• [YOUR GOAL]: A faithful copy of all the entries is required, with no pictures in it.

• [DATA SHOWN]:
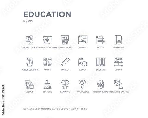 simple set of education vector line icons. contains such icons as interactive course, international, knowledge, learning, lecture, lesson, library, lockers, lunch and more. editable pixel perfect.
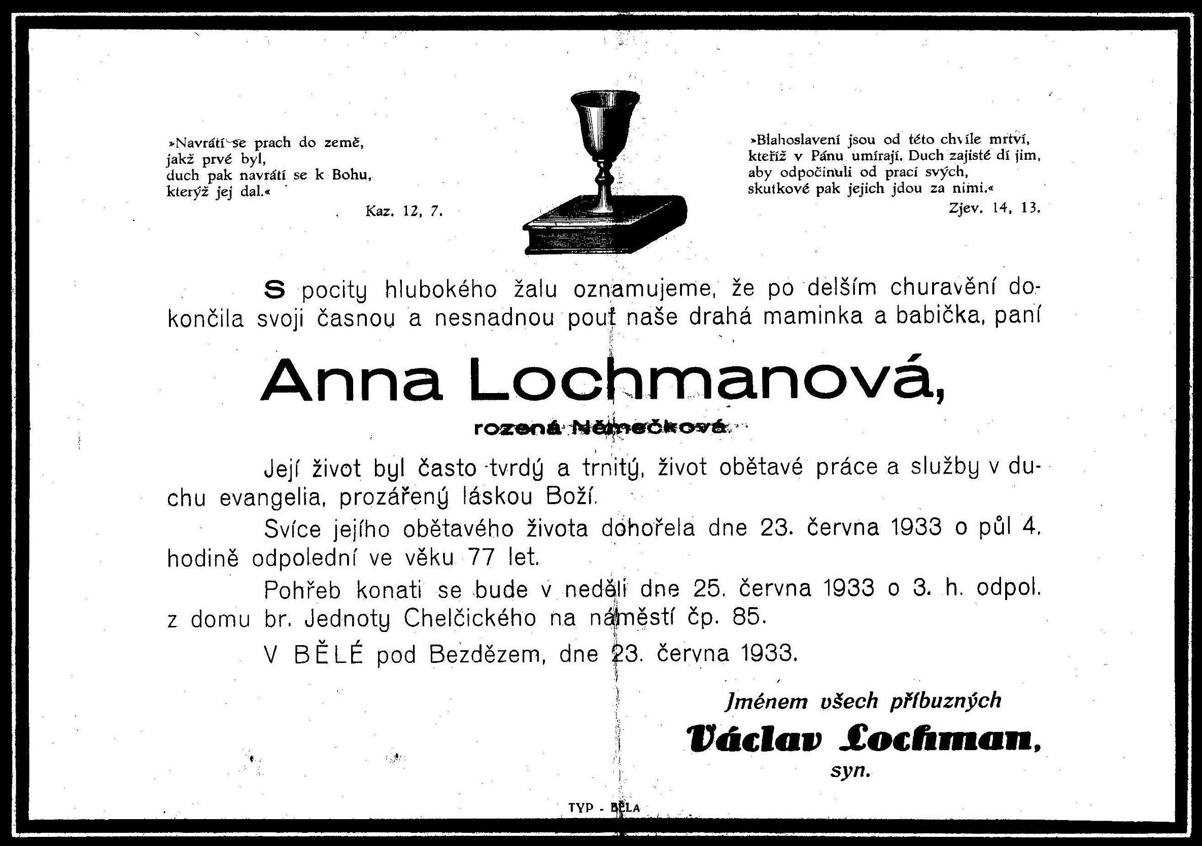 V katolických matrikách jsou indexy, tam jsem na nic nenarazila, výskyt příjmení Lochman ano, Anna Lochmanová, roz. Němečková, se jako matka nikde neobjevuje, ani jsem nenašla předpokládané narození syna Václava Lochmana, který je podepsán na parte.
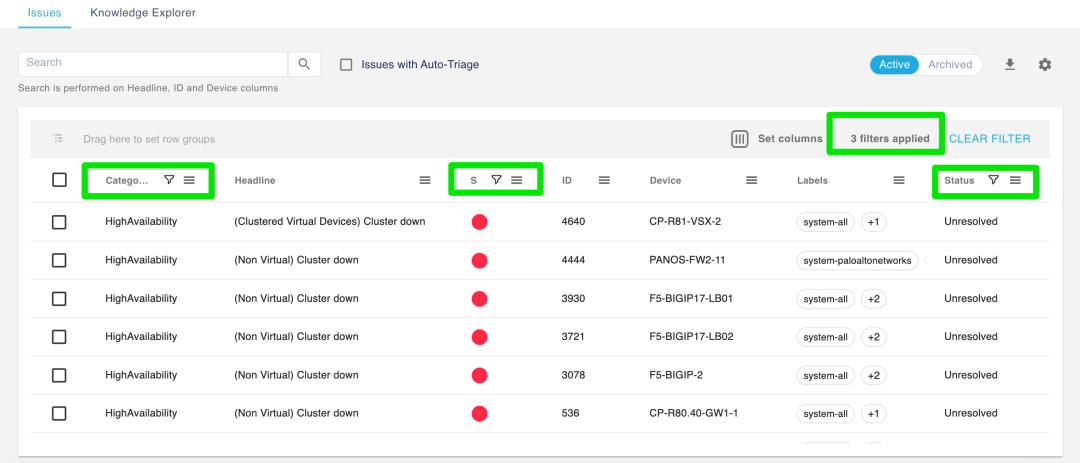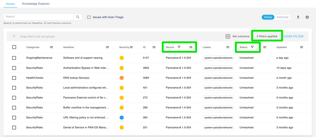 Use Label to filter the issues by severity for a vendor or a group of devices. The default label is system-all. Use the toggle to select unresolved issues, resolved issues, or both. The default toggle is set to unresolved issues. Filter out issues by severity. For example, you can deselect Warnings and Info from the list of issues.
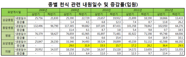 Á¾ÇÕº´¿ø±Þ°ú º´¿ø±Þ¿¡¼ Áø·á ¹Þ´ø õ½ÄȯÀÚµéÀÌ ÃÖ±Ù ¿ä¾çº´¿ø¿¡¼ Ä¡·á¹Þ´Â Ƚ¼ö°¡ ´Ã°í ÀÖ´Â °ÍÀ¸·Î È®ÀεƴÙ. °Ç°º¸Çè.2013-05-19 20:00:00
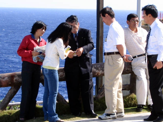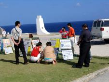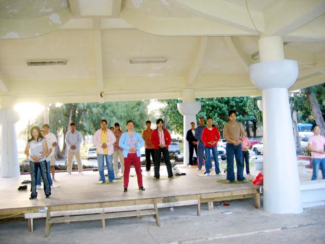 【明慧网2005年2月7日】近年来,来塞班岛旅游的中国游客不断增多,塞班岛大法弟子与全世界大法弟子一样努力作好三件事。图为同修们利用星期天在旅游景点炼功洪法向游客讲真象。
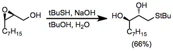 Under aprotic conditions, nucleophilic opening of epoxide isomers can be achieved with hydrides or organocuprates. Nucleophilic attack generally takes place at the least substituted carbon, yielding the more substituted diol product.[10]
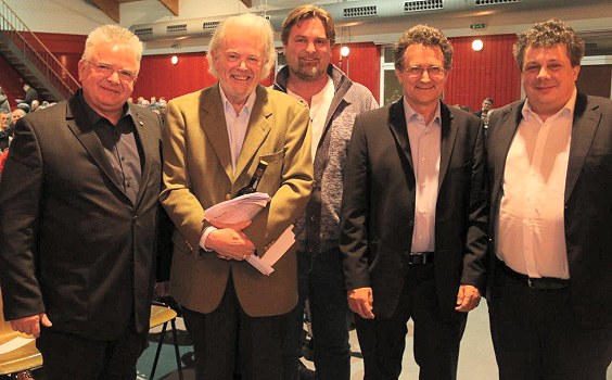 Windkraftanlagen sind für zu Guttenberg Teufelszeug Zweiter v.l.: Enoch zu Guttenberg. (Foto: Thomas Wilken)(tom) Sprachgewaltiger Rückenwind für die Windkraftgegner der Bürgerinitiative (BI) Gegenwind Beerfelden-Rothenberg: Mit Enoch zu Guttenberg hatten sie kürzlich einen prominenten Redner in die Alte Turnhalle geholt. Der arbeitete sich in seiner Philippika eineinhalb Stunden lang vorrangig an den Grünen und dem Bund für Umwelt- und Naturschutz Deutschland (BUND) ab, denen er wortreich, rhetorisch geschliffen und mit viel Pathos in der Stimme durch die Befürwortung des Windenergie-Ausbaus Verrat an der früheren gemeinsamen (Naturschutz-)Sache vorwarf.
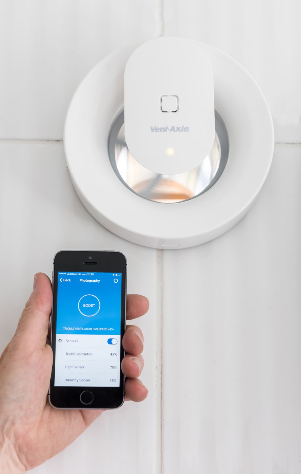 La deuxième innovation est le Vent-Axia Svara : un extracteur d’air intelligent adapté pour une extraction décentralisée dans des rénovations ou agrandissements répondant aux normes PEB. Le Svara est l’extracteur local le plus silencieux et extrait l’air automatiquement en fonction de la détection de l’humidité et de la détection de présence. Cet appareil est lancé avec une garantie de 5 ans, une Appli gratuite (Vent-Axia Connect), et est répertorié depuis début Février dans la base de données de produits PEB des Régions.
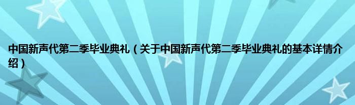 本文关于中国新声代第二季毕业典礼的基本详情介绍就讲解完毕,希望对大家有所帮助。
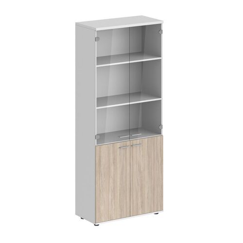 Шкаф высокий, 4-х дв., со стеклом, з.ст ЛДСП SG.811.WH.OL.GL
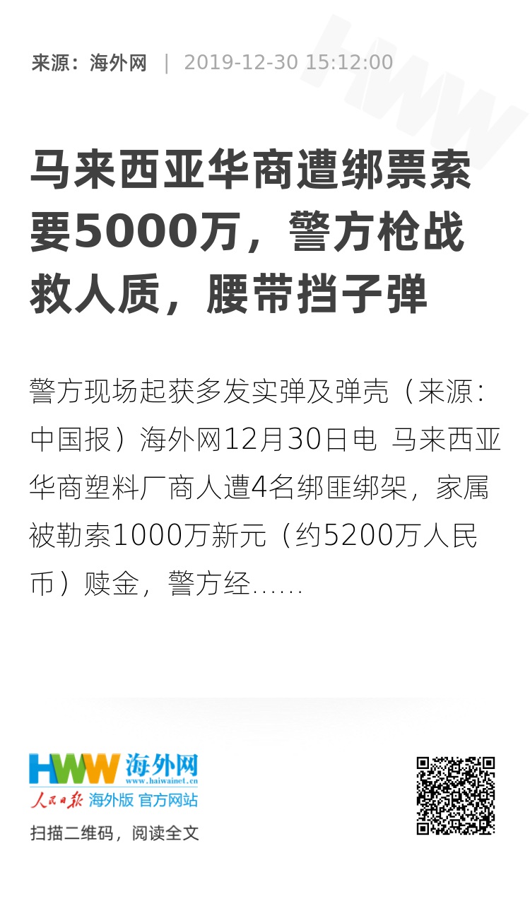 海外网12月30日电 马来西亚华商塑料厂商人遭4名绑匪绑架,家属被勒索1000万新元(约5200万人民币)赎金,警方经过近6小时行动,在两轮惊心动魄的枪战后,击毙2名绑匪,救出人质。
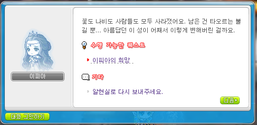 이렇게 이피아에게 찾아가서 '이피아의 희망' 퀘스트를 통해 장신구를 주면
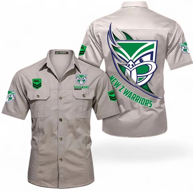 New Zealand Warriors Fans Gift Short Sleeved Shirt, All Over Print Short Sleeved Shirt For Sport Fan, Custom Name NRL173071625008-Khaki

• [THE COMPLETED TASK]:
 simple set of education vector line icons. contains such icons as interactive course, international, knowledge, learning, lecture, lesson, library, lockers, lunch and more. editable pixel perfect.
 V katolických matrikách jsou indexy, tam jsem na nic nenarazila, výskyt příjmení Lochman ano, Anna Lochmanová, roz. Němečková, se jako matka nikde neobjevuje, ani jsem nenašla předpokládané narození syna Václava Lochmana, který je podepsán na parte.
 Use Label to filter the issues by severity for a vendor or a group of devices. The default label is system-all. Use the toggle to select unresolved issues, resolved issues, or both. The default toggle is set to unresolved issues. Filter out issues by severity. For example, you can deselect Warnings and Info from the list of issues.
 Á¾ÇÕº´¿ø±Þ°ú º´¿ø±Þ¿¡¼ Áø·á ¹Þ´ø õ½ÄȯÀÚµéÀÌ ÃÖ±Ù ¿ä¾çº´¿ø¿¡¼ Ä¡·á¹Þ´Â Ƚ¼ö°¡ ´Ã°í ÀÖ´Â °ÍÀ¸·Î È®ÀεƴÙ. °Ç°º¸Çè.2013-05-19 20:00:00
 【明慧网2005年2月7日】近年来,来塞班岛旅游的中国游客不断增多,塞班岛大法弟子与全世界大法弟子一样努力作好三件事。图为同修们利用星期天在旅游景点炼功洪法向游客讲真象。
 Under aprotic conditions, nucleophilic opening of epoxide isomers can be achieved with hydrides or organocuprates. Nucleophilic attack generally takes place at the least substituted carbon, yielding the more substituted diol product.[10]
 Windkraftanlagen sind für zu Guttenberg Teufelszeug Zweiter v.l.: Enoch zu Guttenberg. (Foto: Thomas Wilken)(tom) Sprachgewaltiger Rückenwind für die Windkraftgegner der Bürgerinitiative (BI) Gegenwind Beerfelden-Rothenberg: Mit Enoch zu Guttenberg hatten sie kürzlich einen prominenten Redner in die Alte Turnhalle geholt. Der arbeitete sich in seiner Philippika eineinhalb Stunden lang vorrangig an den Grünen und dem Bund für Umwelt- und Naturschutz Deutschland (BUND) ab, denen er wortreich, rhetorisch geschliffen und mit viel Pathos in der Stimme durch die Befürwortung des Windenergie-Ausbaus Verrat an der früheren gemeinsamen (Naturschutz-)Sache vorwarf.
 La deuxième innovation est le Vent-Axia Svara : un extracteur d’air intelligent adapté pour une extraction décentralisée dans des rénovations ou agrandissements répondant aux normes PEB. Le Svara est l’extracteur local le plus silencieux et extrait l’air automatiquement en fonction de la détection de l’humidité et de la détection de présence. Cet appareil est lancé avec une garantie de 5 ans, une Appli gratuite (Vent-Axia Connect), et est répertorié depuis début Février dans la base de données de produits PEB des Régions.
 本文关于中国新声代第二季毕业典礼的基本详情介绍就讲解完毕,希望对大家有所帮助。
 Шкаф высокий, 4-х дв., со стеклом, з.ст ЛДСП SG.811.WH.OL.GL
 海外网12月30日电 马来西亚华商塑料厂商人遭4名绑匪绑架,家属被勒索1000万新元(约5200万人民币)赎金,警方经过近6小时行动,在两轮惊心动魄的枪战后,击毙2名绑匪,救出人质。
 이렇게 이피아에게 찾아가서 '이피아의 희망' 퀘스트를 통해 장신구를 주면
 New Zealand Warriors Fans Gift Short Sleeved Shirt, All Over Print Short Sleeved Shirt For Sport Fan, Custom Name NRL173071625008-Khaki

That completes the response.